**RECORDS SUPPLIED**
^^^^
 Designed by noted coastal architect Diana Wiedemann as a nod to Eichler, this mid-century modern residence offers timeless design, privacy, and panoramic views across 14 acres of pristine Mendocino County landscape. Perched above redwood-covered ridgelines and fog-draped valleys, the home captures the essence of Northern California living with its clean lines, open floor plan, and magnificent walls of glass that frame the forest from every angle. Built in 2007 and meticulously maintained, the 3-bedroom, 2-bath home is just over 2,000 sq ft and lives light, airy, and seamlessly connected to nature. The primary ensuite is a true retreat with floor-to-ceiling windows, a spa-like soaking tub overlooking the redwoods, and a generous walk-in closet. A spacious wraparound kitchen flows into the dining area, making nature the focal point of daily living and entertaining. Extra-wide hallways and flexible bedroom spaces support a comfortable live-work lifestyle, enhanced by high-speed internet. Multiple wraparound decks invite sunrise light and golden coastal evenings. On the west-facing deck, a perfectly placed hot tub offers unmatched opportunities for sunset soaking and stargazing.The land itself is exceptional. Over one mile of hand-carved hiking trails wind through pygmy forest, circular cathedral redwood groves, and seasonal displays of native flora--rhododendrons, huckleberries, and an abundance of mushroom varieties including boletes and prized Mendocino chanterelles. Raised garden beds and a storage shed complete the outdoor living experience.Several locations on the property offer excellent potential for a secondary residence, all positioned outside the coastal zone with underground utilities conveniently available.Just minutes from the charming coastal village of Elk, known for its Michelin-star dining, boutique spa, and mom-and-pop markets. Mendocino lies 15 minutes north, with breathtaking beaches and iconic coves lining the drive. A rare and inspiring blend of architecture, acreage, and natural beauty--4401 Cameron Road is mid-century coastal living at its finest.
^^^^
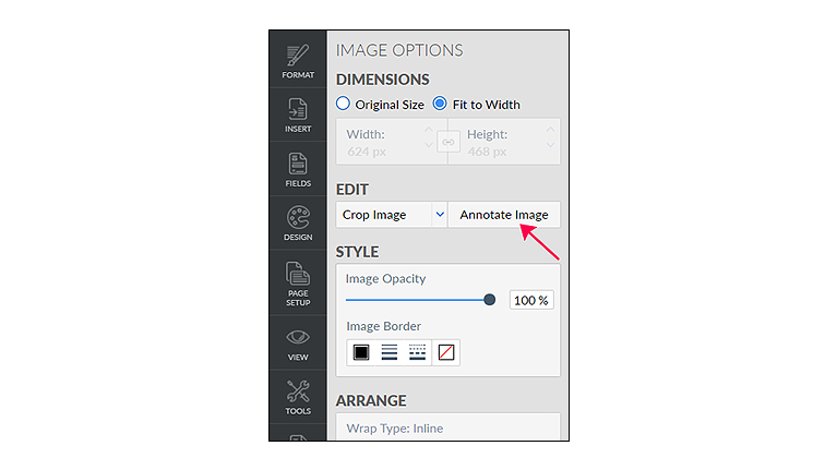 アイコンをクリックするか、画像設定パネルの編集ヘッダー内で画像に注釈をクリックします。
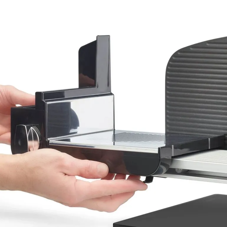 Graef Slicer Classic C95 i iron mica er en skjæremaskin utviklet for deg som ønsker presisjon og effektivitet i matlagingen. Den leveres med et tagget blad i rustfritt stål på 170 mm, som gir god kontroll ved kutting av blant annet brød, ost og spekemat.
^^^^
**WHAT IS REQUIRED**
Using the data above, print only the lines starting at the one with "アイコンをクリックするか、画" and ending at the one with "Graef Slicer Classic", exactly as they stand, minus the pictures.

**EXPECTED ANSWER**
 アイコンをクリックするか、画像設定パネルの編集ヘッダー内で画像に注釈をクリックします。
 Graef Slicer Classic C95 i iron mica er en skjæremaskin utviklet for deg som ønsker presisjon og effektivitet i matlagingen. Den leveres med et tagget blad i rustfritt stål på 170 mm, som gir god kontroll ved kutting av blant annet brød, ost og spekemat.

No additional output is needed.